Madigan was a little up in the air this year because they're a joint program with the University of Washington. Because of that, up until this incoming year, they would take 8 military and 4 civilian residents from UW. The past 3 or 4 years, though, they've been having some issues with UW, which had gone unresolved and had actually threatened the program's accreditation. So this year, they started breaking ties with UW, and did not accept any civilians, instead turning the additional spots over to military applicants. But they only took 3 additional military, not 4.

Anyway, for these 27-28 spots, I'm told that this year there were about 45 applicants.

Hope that helps, from someone who just went through it. Feel free to ask more questions.
 
ironman05 said:
Thanks a lot for the response. I am not dead-set on any specialty at this point - as I realize that I will likely change my mind, and I am open to anything. Are there are lot of ARMY GMO Slots? I'd be OK doing a GMO if I had to; while not sounding glamorous, it could be personally rewarding working closely with a particular unit. I heard that the ARMY has fewer GMO's than the other 2 services, is that true?

Your explanation was clear, well written, easily understandable and makes a lot more sense than anything a recruiter or other students described. Thanks.

To clarify, in theory the Army isn't making any new GMOs. Either you match into an Army residency or you get deferred to the civilian match. If you really wanted to do a GMO, then I suppose you could just decline your contract for an Army residency. They'd make you do an internship, then you've got your GMO tour.

Call me a pessimist, but I'd be very surprised if the Army ever completely gets rid of them. Specialty bonus pay for Army physicians hasn't increased in awhile; that, along with being deployed, means that board-certified docs are getting out at a higher rate. I would imagine that the Army will eventually start making folks become GMOs again the year they have 30 applicants for 1 neurosurgery slot. I don't seem them deferring 29 people into civilian neurosurgery, bam - you've got your GMOs. That's purely conjecture, though.

Funneling people into GMOs gives the Army a chance to get you going and coming by making you pay off part of your obligation as a GMO before "re-incurring" more obligation through an Army residency. Of course, you could just leave the Army after serving your time as a GMO, but some civilian programs (I'm thinking in particular of some at my own hospital) don't like to accept applicants who are "coming back" to residency.

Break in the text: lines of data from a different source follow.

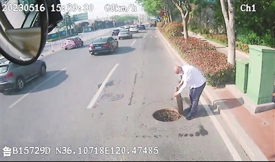 本报5月17日讯 16日,382路驾驶员车新正驾车行驶至崂山区朱家洼附近时,发现马路中央的古力井敞着口,现场也没有任何警示标志,没有施工作业人员,如果不及时盖好,过往车辆很容易发生危险。车新正将车停靠在安全地带后,立即走了过去,徒手将移位的井盖挪回原处,压实后才返回车厢继续执行营运任务。车厢上的乘客看到车新正的义举后,纷纷为他竖起了大拇指。
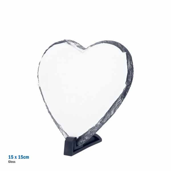 Foto ploča od priro. kamena za subli. u obliku srca, 15 × 15 cm – sjajna
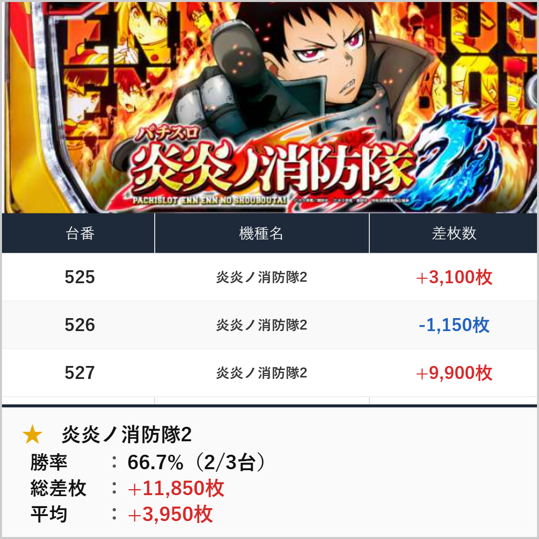 3台並び:炎炎ノ消防隊2(525-527番台)【平均+3,950枚】
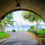 Riverside Park View of Twin Towers in New Jersey. Riverside Park Collection. This photograph invites the viewer through a quiet archway into a rivers...[+]
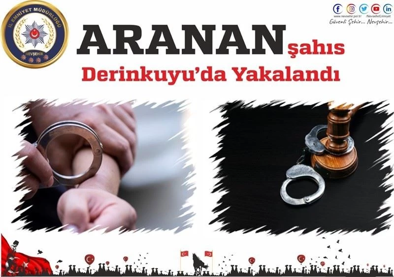 Edinilen bilgiye göre, Derinkuyu ilçesinde yol kontrolü yapan trafik ve asayiş ekipleri bir aracı durdurdu. Araçta bulunan T.K.’nın yapılan GBT sorgusunda ’tehdit’ suçundan Nevşehir İlamat ve İnfaz Bürosunca Yakalama Kararı ile arandığının tespit edildi.
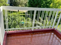 Ein angenehmer Blick von den Fenstern - viel Grün im Hof, im Winter ist es warm, es gibt keine Schimmel. Manicured Eingang.
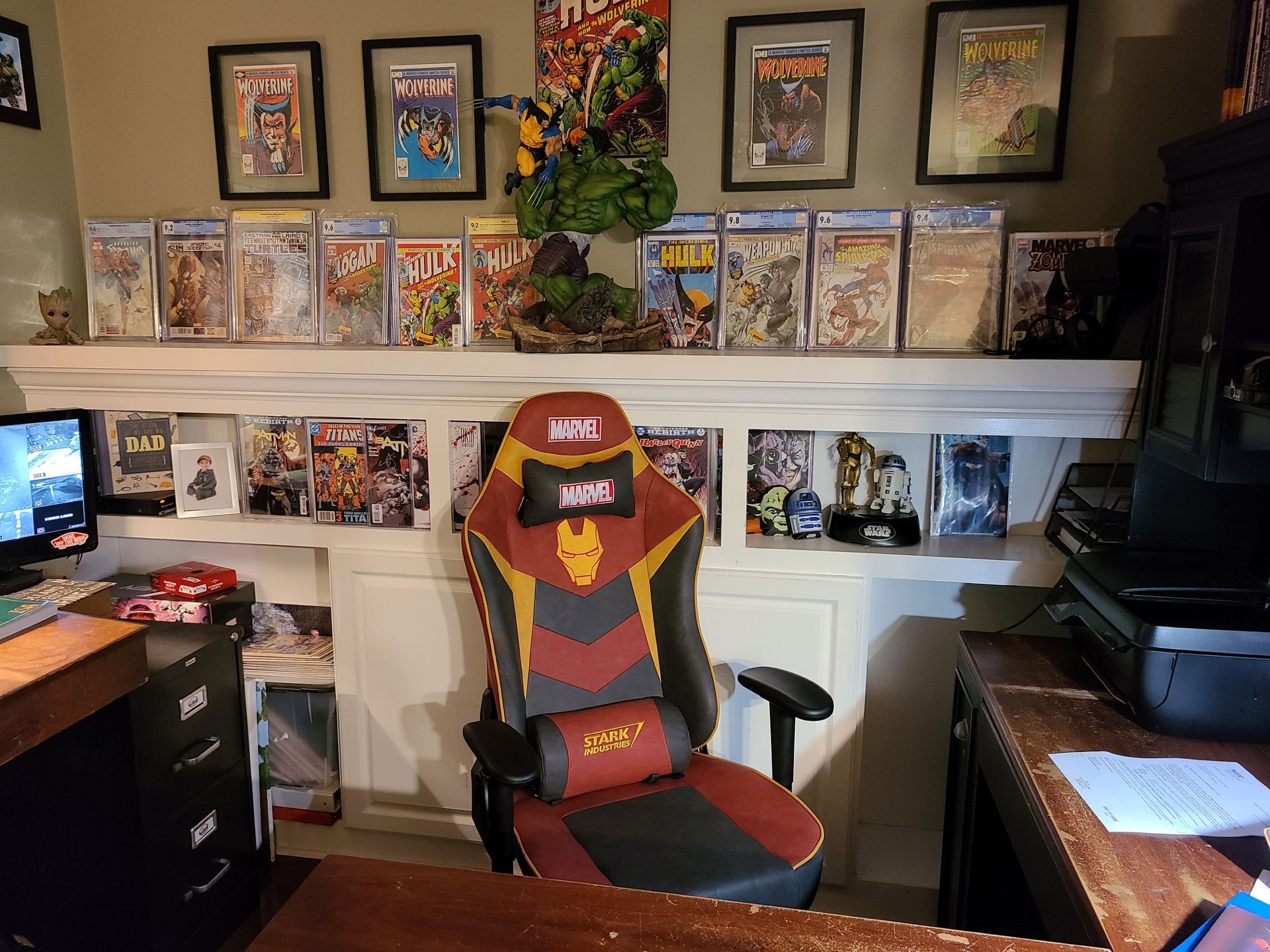 Iron man Gaming chair Massage function Marvel official licensed! Brand new no box assemble required PRICE FIRM High end quality Unique Computer chair, office chair Great birthday gift Massage function Discontinued and out of production Worth collecting Get yours before it sells out Black panther,Captain Marvel,Spider Man Available Iron man Display available

Plus, nowadays, with not just military medicine, but our military as a whole, and especially the Army, being stretched so thin, I wouldn't underestimate the Army's need for warm bodies to more immediately start practicing medicine.

I'm not so sure the Army has fewer GMOs in absolute terms, but I do believe that a higher percentage of Navy and Air Force applicants end up doing a GMO tour. That, I believe, has more to do with the nearly 1:1 ratio between Army applicants and residency slots than it does with any overriding Army philosophy regarding the role of GMOs in the delivery of healthcare.

Some folks really enjoy their GMO years, but for my money, 9 years (4 school, 5 residency) is enough time to spend on the way to becoming board-certified. It is absolutely true that you're a lot less likely to do a GMO than you would have been a decade ago; just realize that it's still a possibility.
 
colbgw02 said:
To clarify, in theory the Army isn't making any new GMOs. Either you match into an Army residency or you get deferred to the civilian match.

This is not true at all!!!!! Not in theory, and especially not in reality. If you don't match into an Army residency, your chances of getting a civilian deferrment are low (this is different in navy and air force). Most likely you're only option will be a gmo tour.
 
Sledge2005 said:
This is not true at all!!!!! Not in theory, and especially not in reality. If you don't match into an Army residency, your chances of getting a civilian deferrment are low (this is different in navy and air force). Most likely you're only option will be a gmo tour.

My apologies; my information came from a recently retired program director from Brooke. Apparently, being retired has left him out of the loop a little, but I suppose that's the way it's supposed to be.